Una mansión que acoge a mujeres víctimas de violencia

Desde hace 10 años en el distrito de Medina Gounass, del departamento de Guédiawaye, en la región de Dakar, se encuentra la Maison Rose, un lugar donde acogen a mujeres víctimas de violencia física y psicológica y las acompañan en un largo proceso de reintegración social.

La gravedad de sus historias se alivia con los gritos, los llantos y las risas de decenas y decenas de niños, sus hijos.

Fundada por la asociación humanitaria Unies Vers Elles Sénégal, la Maison Rose ocupa las instalaciones del antiguo tribunal municipal de Guédiawaye. Se trata de un lugar bonito y animado, que contrasta con los maltrechos edificios del distrito.

Las oficinas administrativas, el estudio de los psicólogos y las aulas donde los niños siguen actividades recreativas están en la planta baja. Los pisos superiores son para dormitorios, baños, la lavandería y la cocina. Todas las paredes, por supuesto, están pintadas de rosa.

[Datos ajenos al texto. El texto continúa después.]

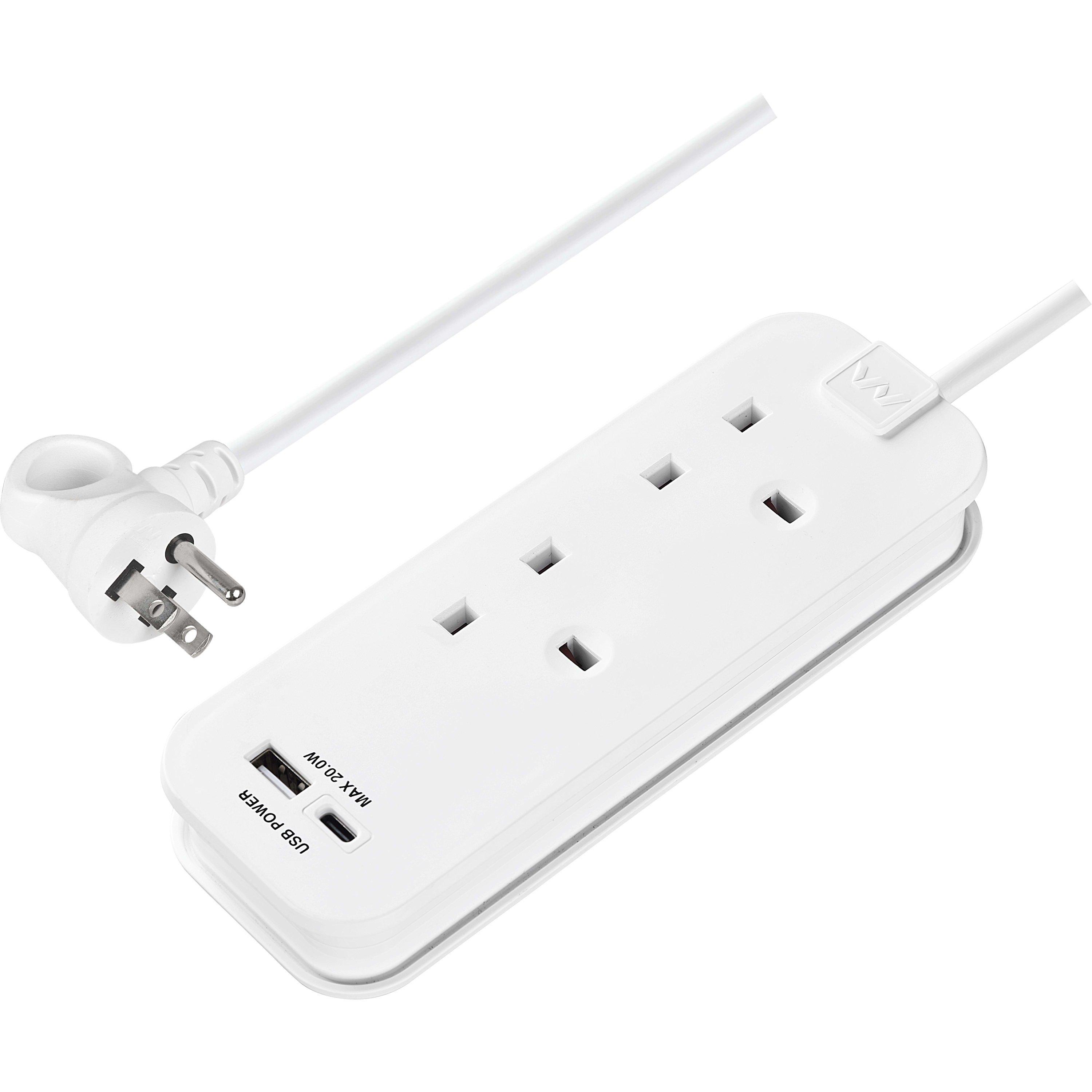 This travel extension lead designed for use in the United States. It features two sockets and two USB ports (Type A and Type C), allowing you to charge multiple devices simultaneously. Its compact design makes it ideal for travel, while the screw-on, hanging, and wall-mounted options provide flexibility for various setups. Perfect for keeping your devices powered and organised, whether you’re at home, in the office, or on the go.

“Nuestros trabajadores -explica la francesa Mona Chasserio, presidenta fundadora de la Maison Rose- pueden pasar incluso meses estudiando el trágico pasado de la chica o mujer a la que están tratando”.

Las mujeres que viven en este centro son todas víctimas de violación, acoso, incesto y, a menudo, se vieron obligadas a prostituirse. Muchas de ellas, especialmente las que fueron forzadas a tener relaciones sexuales incestuosas, recurrieron al aborto utilizando plantas o medicinas.

Una figura fundamental para la identificación de todas estas personas vulnerables es la “badjenou ko”, que en lengua wolof significa “el que encuentra a los niños”.

Las badjenou ko de la Maison Rose, sirviéndose de una red de informantes, se mueven por los barrios más pobres y periféricos de Dakar en busca de niñas y mujeres que necesiten la ayuda de Madame Chasserio y sus asistentes.

Además, la Maison Rose, también conocida como Dar es Salam (Casa de la Paz), inició hace tiempo lo que llama “sistema de esponsorización”.

Una vez que la mujer finaliza su viaje de reintegración, se le encuentra un padrino o madrina que la apoya para entrar en el mundo laboral, una especie de “stage” retribuido que se otorga a personas de confianza.

“La Maison Rose -según la presidenta Chasserio- ofrece cursos breves de formación profesional, por ejemplo, de costura y peluquería, pero nos dimos cuenta de que nuestras chicas centraban todos sus esfuerzos en recaudar el dinero derivado de estas actividades y que descuidaban las sesiones con psicólogos y los estudios”.

“Así que optamos por poner en standby todo lo que tiene que ver con el trabajo para centrarnos en el cuidado y la reintegración total en la sociedad de la persona”, añade.

Madame Chasserio también promovió el lanzamiento de actividades colaterales inéditas y originales para un país como Senegal. La más especial, el circo.

Los voluntarios de Sencirk, la primera y única compañía circense del país, imparten dos horas de clases a la semana en el amplio techo del antiguo tribunal, desde el que se puede observar todo el barrio.

La alumna más prometedora, un verdadero prodigio como malabarista y clown, es Sophie Diatta, de 19 años. Originaria de Ziguinchor, en la región de Casamance, vive desde hace más de cuatro años en la Maison Rose con su pequeño Ismael, a quien tuvo después de una violación.

Se entusiasma con solo escuchar la palabra “circo”: “Cuando hago los ejercicios o un espectáculo con chicos de Sencirk me olvido de todos los problemas, tengo la mente libre, el estrés me abandona completamente. Todos los días me esfuerzo para que el circo se convierta en mi trabajo, este es mi sueño”.

Si Sophie se emociona al hablar sobre el circo, casi se conmueve cuando le preguntan qué representa la Maison Rose para ella.

“Esto no es una casa sino un lugar de renacimiento. ¿Sabes cuando estás en el vientre de tu madre, naces, creces, aprendes a caminar hasta convertirte en un adulto? La Maison Rose para mí es esto. Si veis a alguien sufriendo y lo mandáis aquí, veréis que habrá resultados, palabra”, afirma.